### SOURCE MATERIAL

****

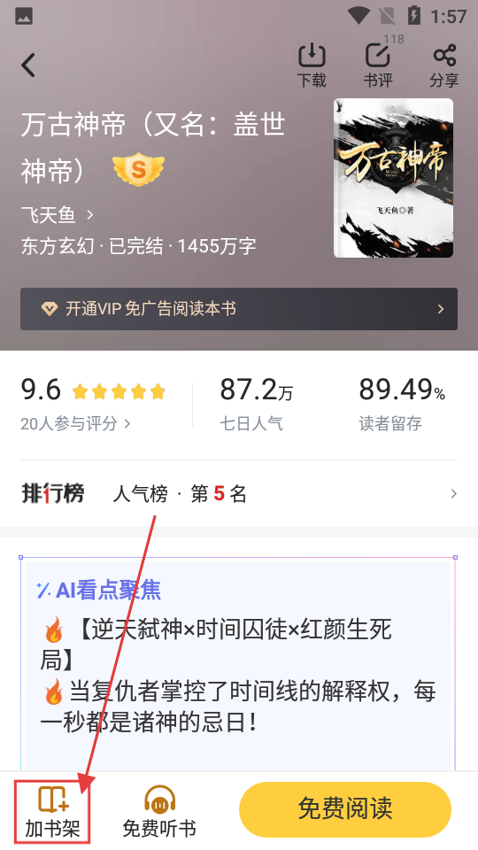 2、点进小说后,若想方便后续查看,就点击【加书架】按钮,把小说加入书架吧。
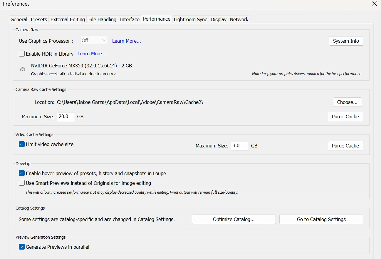 Settings Folder: C:\Users\Jakoe Garza\AppData\Roaming\Adobe\Lightroom
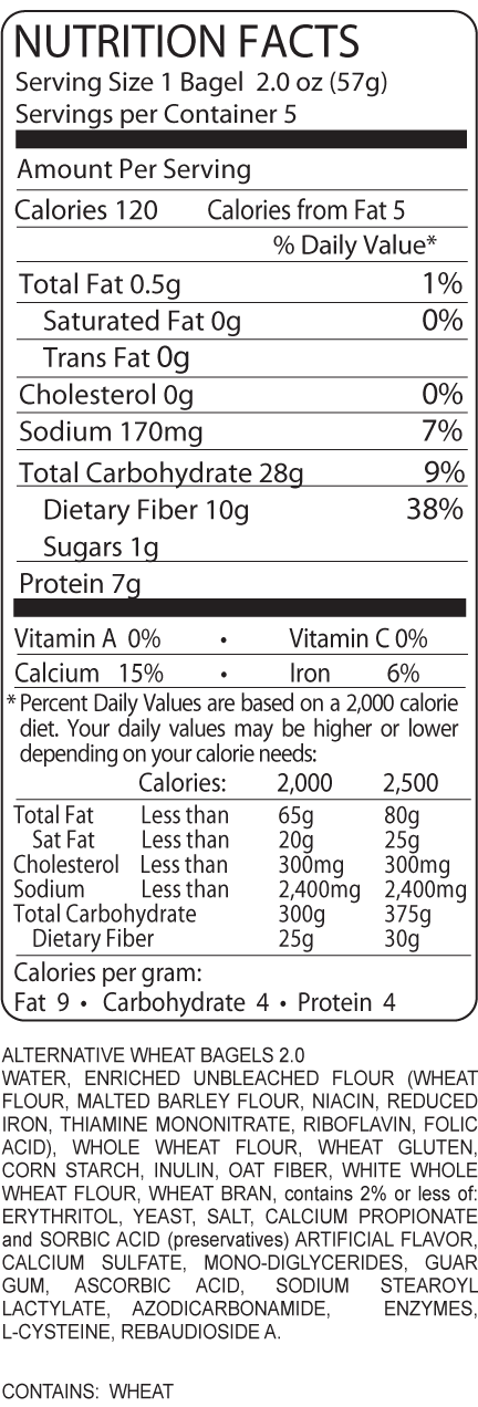Wheat Bread is always a healthy option and that’s why we made a low-carb wheat bagel. Our delicious Alternative Bagels are baked using whole grain goodness with only 10 grams of fiber and a mere 120 calories, they’re perfect for any snack or meal!

****

### WHAT NEEDS TO BE DONE
The response must repeat all the lines above exactly and include no pictures.

### OUTPUT OF THE TASK
 2、点进小说后,若想方便后续查看,就点击【加书架】按钮,把小说加入书架吧。
 Settings Folder: C:\Users\Jakoe Garza\AppData\Roaming\Adobe\Lightroom
Wheat Bread is always a healthy option and that’s why we made a low-carb wheat bagel. Our delicious Alternative Bagels are baked using whole grain goodness with only 10 grams of fiber and a mere 120 calories, they’re perfect for any snack or meal!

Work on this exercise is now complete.